09 June, 2014

The biggest burden

I’m a bit of a loner. Yup. Surprise, surprise.

But see, there is a reason. It’s not just that I’m more “task-oriented” than others, (though that’s part of it) or that I’m an introvert (though that’s part of it, too) it’s also because I decided years ago – after feeling forgotten by others so easily – that it would be less painful if I learnt to be content with being by myself. So I did. And I got on quite well for several years. Despite my self-isolation, some brave and beautiful souls at University did manage push themselves into my heart. But I seldom let others carry me; I wanted to be “the strong one” and I was afraid that, if they saw the ‘real me’ they would drop me. So I was always extremely careful about who and how much I relied on other people.

And then, not too long ago, I was shown that I’m not as content or as wise or as strong as I thought. I opened up, made mistakes, got hurt in ways I didn’t think possible, and fell hard. My immediate reaction was retreat; retreat once again behind the walls, refuse to let anyone touch me. I decided that the answer was to stop giving, to stop sharing my heart, to stop showing people I cared, to go back to being ‘happy’ as a loner.

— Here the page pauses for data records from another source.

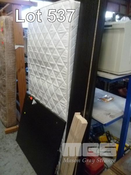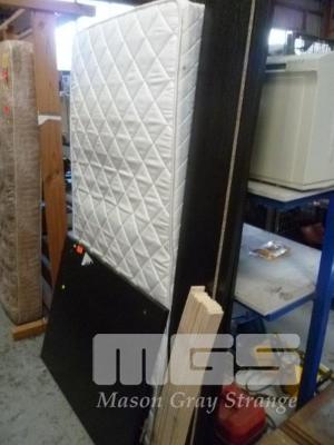 BLACK TIMBER SINGLE BED & MATTRESS, TIMBER SLAT
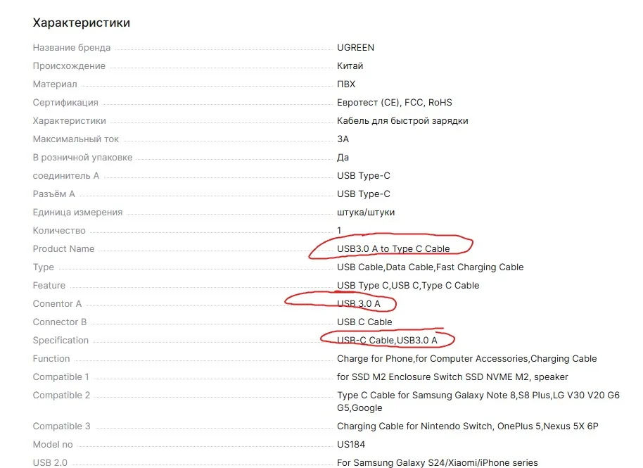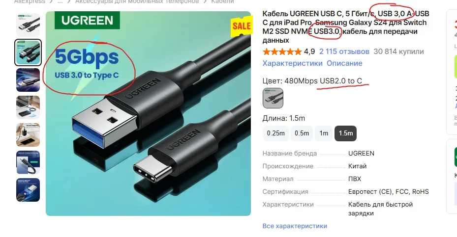 Продавец сознательно вводит в заблуждение, указывает в тексте и на фото, что кабели USB 3.0, в отзывах тоже куча фото с синими разъёмами USB 3.0, а по факту присылает старые медленные 2.0 и ссылается на малозаметную надпись что это 2.0 🤷♂️
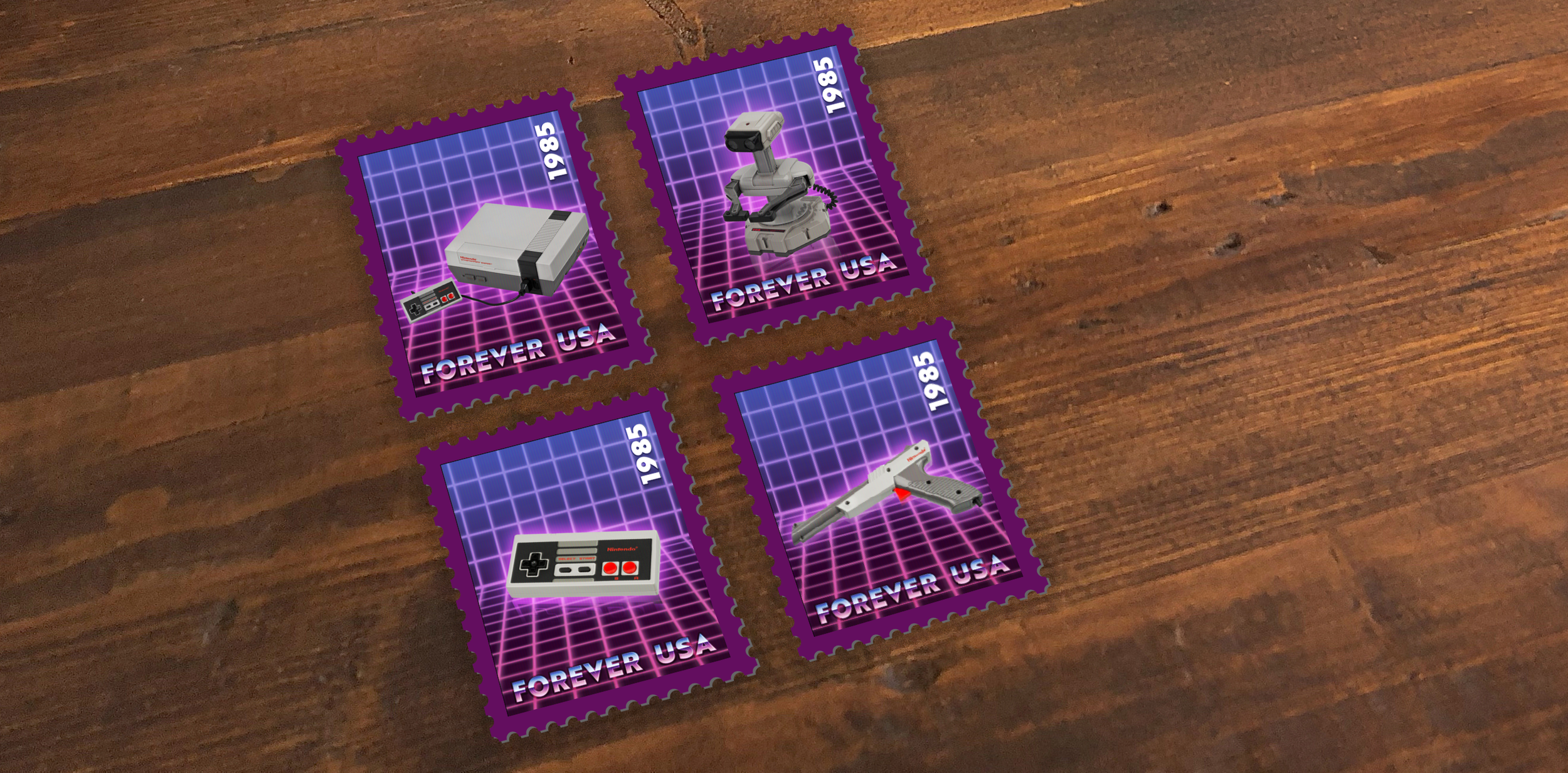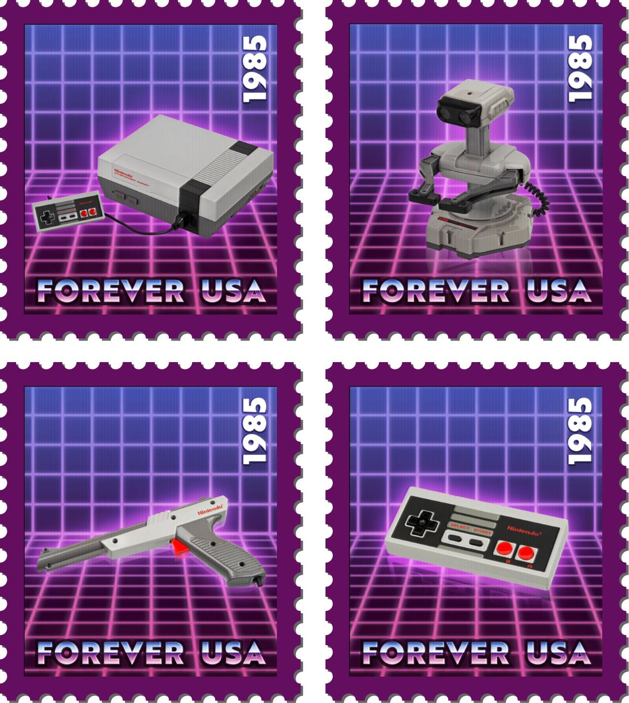 A commemorative stamp collection celebrating the iconic Nintendo Entertainment System—an ’80s-era console that revolutionized the gaming industry.
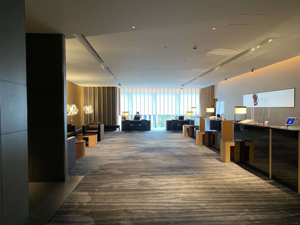 この部分は、隈研吾氏の設計ではないのですが、まるでホテル内を統一感を持たせたような装飾。木の温もりを感じて、5つ星ホテルながらも緊張することはなく、なんだかリラックスができるエントランスでした。
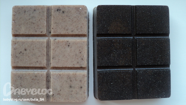 мыло-скраб шоколад. Темный шоколад с натуральным кофе, молочный шоколад с натуральным какао
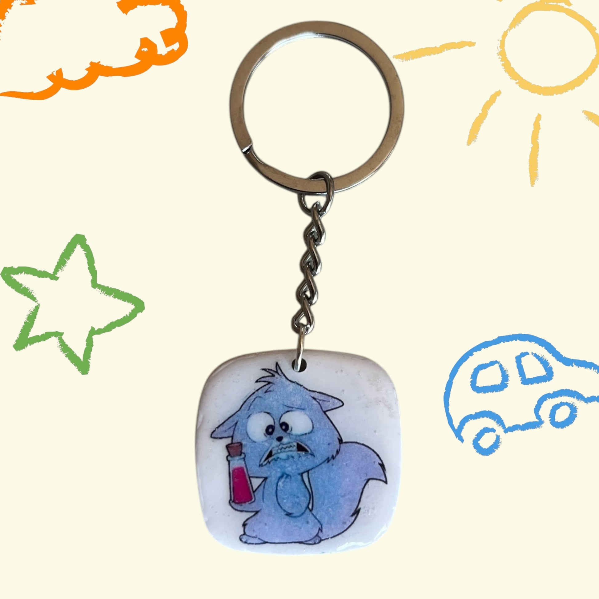 Llavero en forma cuadrada con esquinas redondeadas con estampado de ardilla.
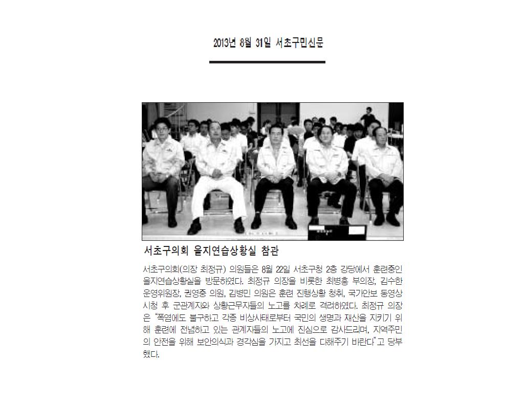 | 언론보도 - 서초구의회 을지연습상황실 참관 - 서초구민신문 (2013.8.31) |
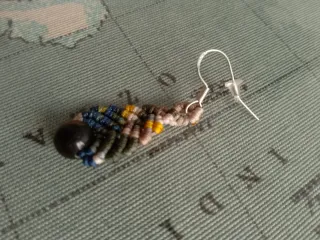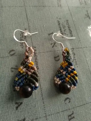 Pendientes hechos a mano con técnica macramé, combinando hilos verdes y mostaza. Cuentan con una cuenta oscura de mineral natural en la parte inferior y ganchos de Plata de Ley 925. - Diseño de macramé con hilos de colores. - Cuentas de piedra natural. - Ganchos de plata de Ley 925. Bonitos pendientes hechos a mano en técnica macramé, tonos mostaza y verdes rasgados, con ganchos de plata Ley 925, como se indica en su sello marcado.
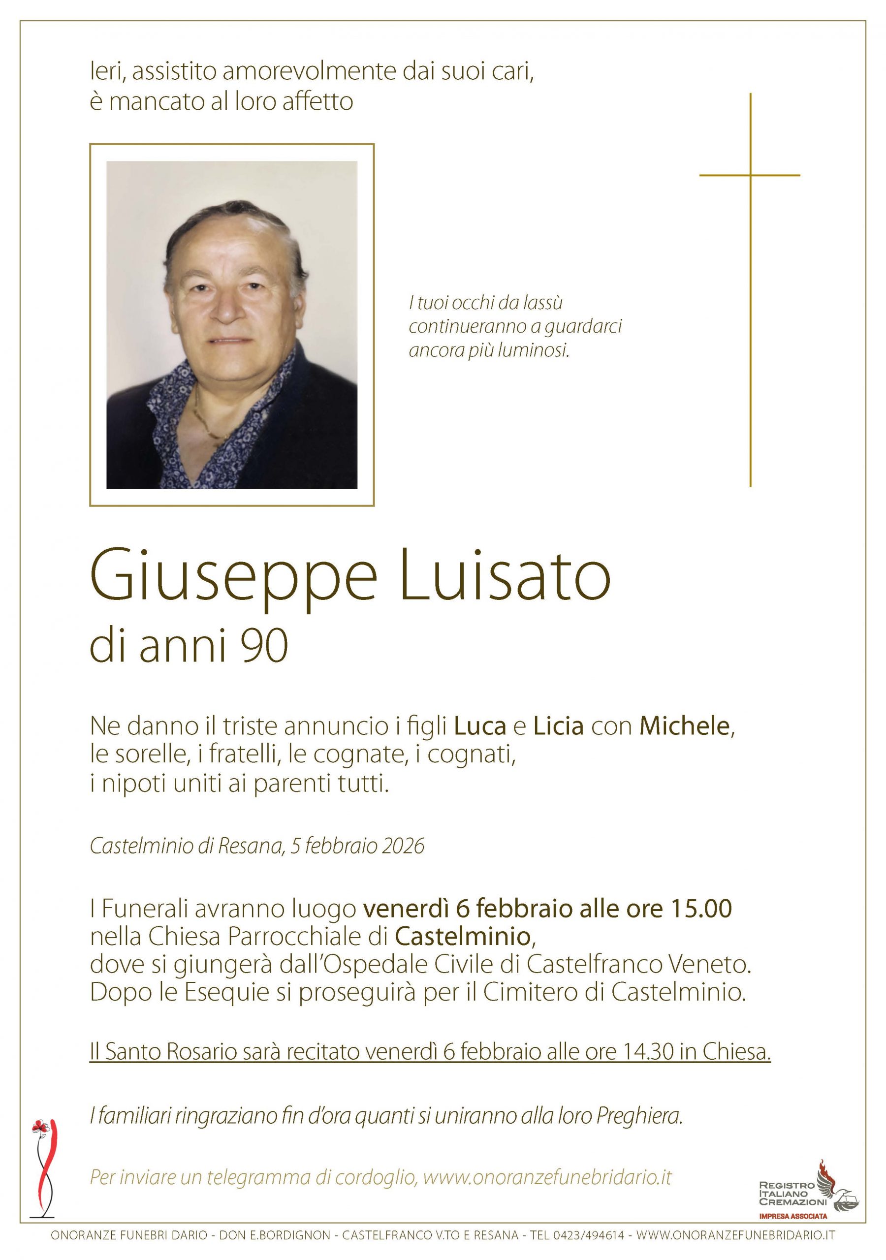 I funerali avranno luogo nella Chiesa Parrocchiale di Castelminio |
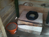 From the back (downhill) side you can see the composting chamber below, which is surrounded by two layers of chicken wire stuffed with straw.Â
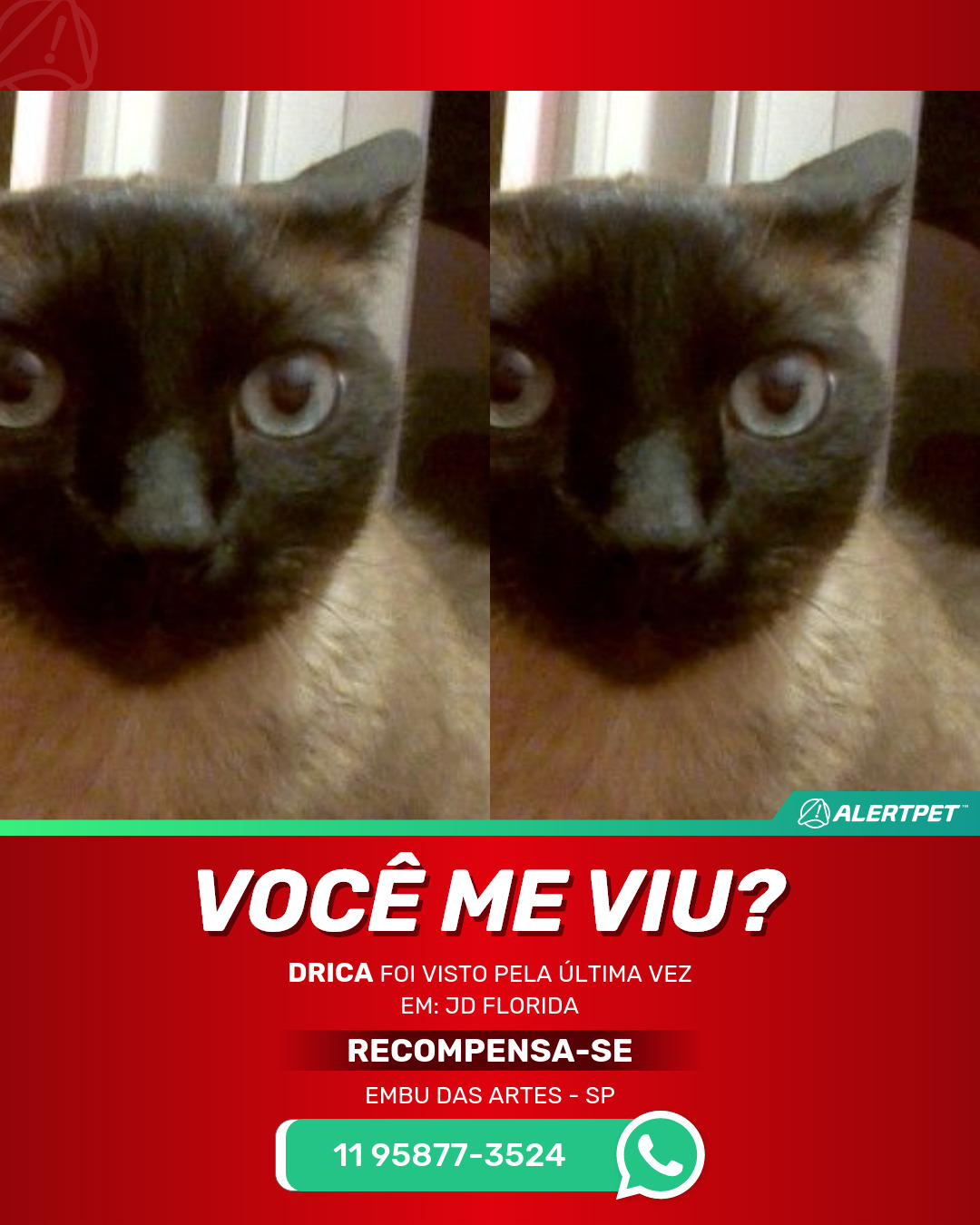 #AlertPet #Procurase #GatoDesaparecido #EmbuDasArtes #ProcuramosDrica
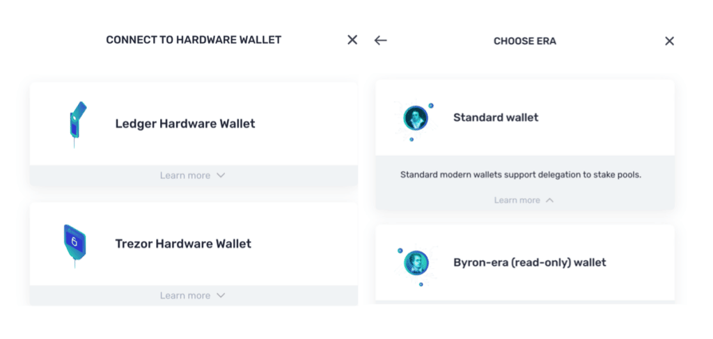 Choose the right wallet to connect with. Image via YoroiFollow the steps to connect with the Ledger wallet. You will be asked to choose between Nano S and Nano X. Ensure that you have connected to the Cardano app on your Ledger. If you have a connection error, check that the "Cardano is ready" message appears on the Ledger device.

Then I wouldn’t get hurt again.

But I’m beginning to realize that this might not be the best course of action. Closing myself off may keep me from people who can hurt and leave me, but it still causes pain. Closing myself off makes me bitter, it makes me seem cold, callous and uncaring, it leads me to be suspicious of all who approach and to treat them like potential enemies, instead of potential friends. It perpetuates my self-focused fear, my self-absorption. Letting people in may lead to being hurt, but closing people out can do just as much (and maybe even more) damage.

Besides, even though being hurt is, well, painful (duh) and wounds take time to heal – sometimes the scars and twinges are with us for the rest of our lives, sometimes they disappear completely – but most of the time they teach us to recognize and be more sensitive to the hurts in others.

I think I’m learning (but I’m a slow learner) that the answer isn’t isolation: pretending not to care may hurt less than caring, but I’m tired of pretending not to care. I want to keep caring. I want to keep trusting. So the answer isn’t withdrawal; its love. Wise, forgiving, gentle love.

But love is a burden. I promise I’m not saying that in any tragic-romance, Spiderman-(whatever-her-name-is) kind of way, nor in a woe-is-me, people-are-jerks kind of a way. I’m saying it with sobriety and with hope. Truth is, we’ll never find someone who will always treat us right, we’ll never find someone who won’t hurt or disappoint or forget to see us. We’re human. That’s the sober reality. The hope part is that this doesn’t mean we have to stop loving others, it means that real, through-the-pain love is so precious that we should keep reaching for it! If we manage to keep it going, to keep loving and trusting others, knowing that they might (and probably will) hurt us, and that we’ll hurt them back, if we forgive and ask for forgiveness – then this dismal world will be a little lighter.

I’m not saying that’s easy but at least I only have one lifetime to love and get hurt by people. Just imagine having every lifetime and every life – what a burden God’s love must be to Him! We humans, the very children He created out of love, just keep walking away and rebelling; we keep chasing after others and telling Him we don’t need Him, we flick Him away like dust off our shoulders, we scream in anger when we don’t understand. To my shame, I’ve done it all. And there’s like a gajillion souls in the world – each of them (us) has hurt and left Him in some way/form/time.

God has the biggest burden of all. For some reason, that makes me want follow Him the most. It gives me such hope that I (and others) can live through my bumbling attempts to care for people.

So, following His lead, I have to try to not close myself off. I have to learn to desperately and sincerely, and (more often than not) clumsily love the people He’s brought into my heart and life.  Even knowing that I may well fall hard, again. 

1 comment:

  1. Just read this...and the timing was right. Thank you.